"""

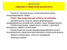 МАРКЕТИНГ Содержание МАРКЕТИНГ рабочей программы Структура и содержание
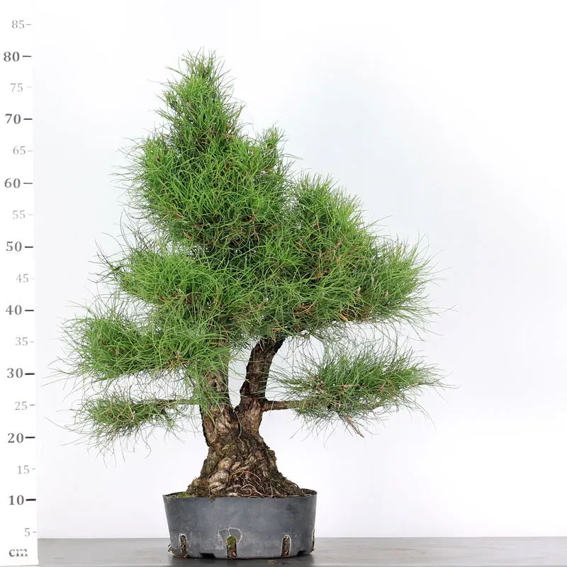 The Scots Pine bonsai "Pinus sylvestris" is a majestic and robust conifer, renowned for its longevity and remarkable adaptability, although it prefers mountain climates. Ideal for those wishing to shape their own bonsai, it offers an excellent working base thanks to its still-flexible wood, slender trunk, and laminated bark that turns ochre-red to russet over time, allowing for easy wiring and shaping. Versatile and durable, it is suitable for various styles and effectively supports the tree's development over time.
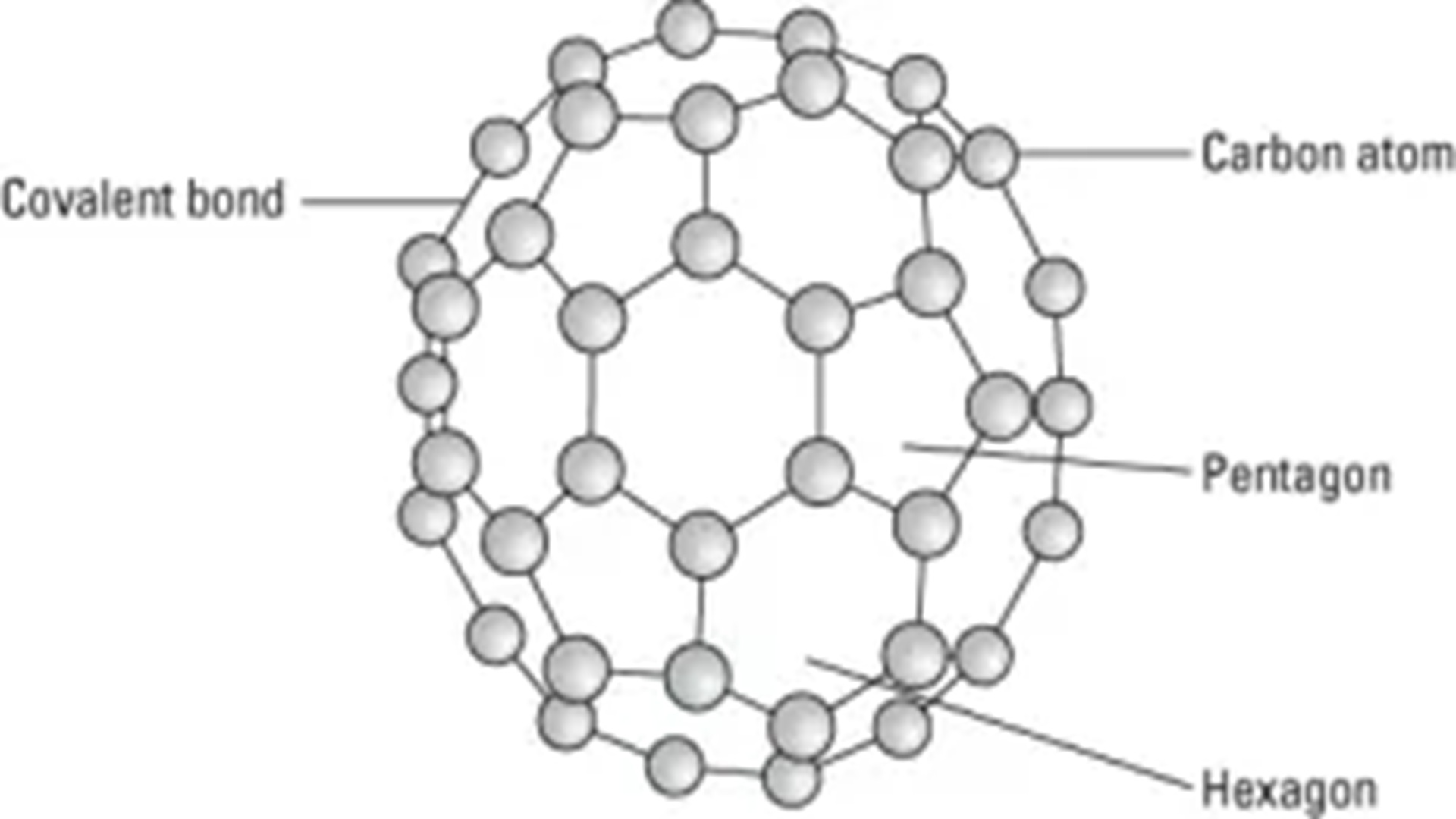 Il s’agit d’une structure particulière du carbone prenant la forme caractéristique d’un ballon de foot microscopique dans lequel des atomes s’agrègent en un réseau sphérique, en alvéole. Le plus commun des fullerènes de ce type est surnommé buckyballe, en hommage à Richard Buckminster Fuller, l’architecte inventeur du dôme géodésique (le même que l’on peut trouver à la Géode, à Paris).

"""

◆ EXERCISE
The answer should consist of every line above, exact and free of images.

◆ RESPONSE BOX
 МАРКЕТИНГ Содержание МАРКЕТИНГ рабочей программы Структура и содержание
 The Scots Pine bonsai "Pinus sylvestris" is a majestic and robust conifer, renowned for its longevity and remarkable adaptability, although it prefers mountain climates. Ideal for those wishing to shape their own bonsai, it offers an excellent working base thanks to its still-flexible wood, slender trunk, and laminated bark that turns ochre-red to russet over time, allowing for easy wiring and shaping. Versatile and durable, it is suitable for various styles and effectively supports the tree's development over time.
 Il s’agit d’une structure particulière du carbone prenant la forme caractéristique d’un ballon de foot microscopique dans lequel des atomes s’agrègent en un réseau sphérique, en alvéole. Le plus commun des fullerènes de ce type est surnommé buckyballe, en hommage à Richard Buckminster Fuller, l’architecte inventeur du dôme géodésique (le même que l’on peut trouver à la Géode, à Paris).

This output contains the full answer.